Ação Civil Pública
OAB-ES pede à Justiça a suspensão de pedágio na BR-101 após empresa desistir da concessão
Publicado em 20 de Julho de 2022 • 15:01
Nesta terça-feira (19/07), a Ordem dos Advogados do Brasil, Seccional Espírito Santo (OAB-ES) solicitou, em ação civil pública, a suspensão da cobrança de pedágio na BR-101, que é administrada pela empresa Eco 101 no Espírito Santo.
O pedido da Ordem é em decorrência do anúncio da Eco 101 oficializando a desistência em administrar os 457 quilômetros da BR-101, entre a cidade de Mucuri, no sul da Bahia, e a divisa do Espírito Santo com o Rio de Janeiro.
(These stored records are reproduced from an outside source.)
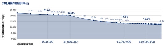 「運用額10%+運用管理費」。広告運用費に応じて対運用額の報酬比率(%)が低減していく料金体系です。
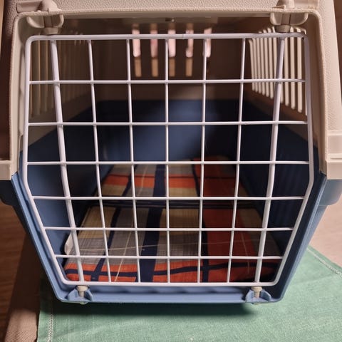 Ferplast Atlas 10 transportbur med mål 60x40x38 cm, i blå og beige plast. Buret har ventilasjonsspor på sidene og metallgrind i front. Egnet for transport av små dyr. Buret er godkjent for reiser med fly.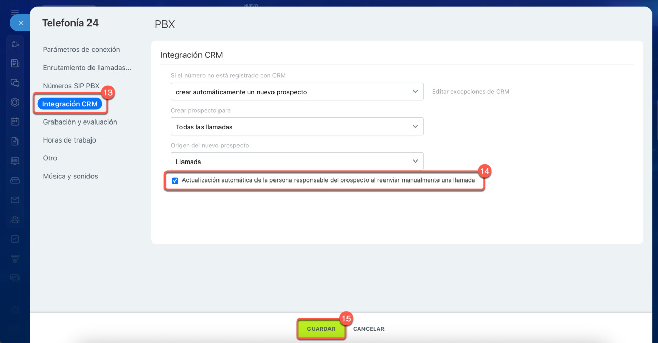 14. Activa la opción Actualización automática de la persona responsable del prospecto al reenviar manualmente una llamada si quieres que el responsable cambie al reenviar la llamada.

A empresa afirma que está devolvendo a concessão por conta da “complexidade do contrato”.
No texto da Apelação Cível encaminhada ao juiz federal Marcelo da Fonseca Guerreiro, da 8ª Turma do Tribunal Regional Federal da 2ª Região (TRF-2), a OAB-ES ressalta que “não é possível que, na certeza da devolução da concessão, seja mantida a cobrança de pedágios em favor de uma empresa que não mais cumprirá o objeto contratado”, diz o documento, assinado por José Carlos Rizk Filho, presidente da OAB-ES, e pelo advogado Luiz Henrique Antunes Alochio.
Segundo o presidente da OAB-ES, José Carlos Rizk Filho, o pedido de suspensão do pedágio da Eco 101 tem como objetivo garantir o direito de todos os cidadãos do Espírito Santo. “Entendemos que a insegurança jurídica vigente no momento traz como a solução imediata, o beneficiamento do usuário”, diz Rizk.
Além disso, o presidente da Ordem acrescenta “que a população tinha grandes expectativas em torno da melhoria dos serviços prestados pela empresa, tendo sido pega de surpresa com a desistência da concessionária”.
O que diz a ANTT
A declaração formal protocolada pela Eco 101 diz que a intenção é deixar o contrato de concessão da BR-101 por meio de uma devolução amigável.
No documento, entregue à Agência Nacional de Transportes Terrestres (ANTT), a concessionária pede à agência a extinção do contrato e a celebração de um termo aditivo com novas condições contratuais até uma nova licitação. E ressalta que a decisão de encerrar o contrato está amparada na Lei 13.448/2017.
Por sua vez, a ANTT informou que não haverá multa para a concessionária, pois a devolução é uma previsão legal na legislação. O que ocorrerá, segundo a Agência, após o processo ser aceito, é a realização de um cálculo sobre o que a empresa arrecadou, investiu e gastou com a manutenção da rodovia federal desde 2013 quando passou a fazer a gestão da rodovia.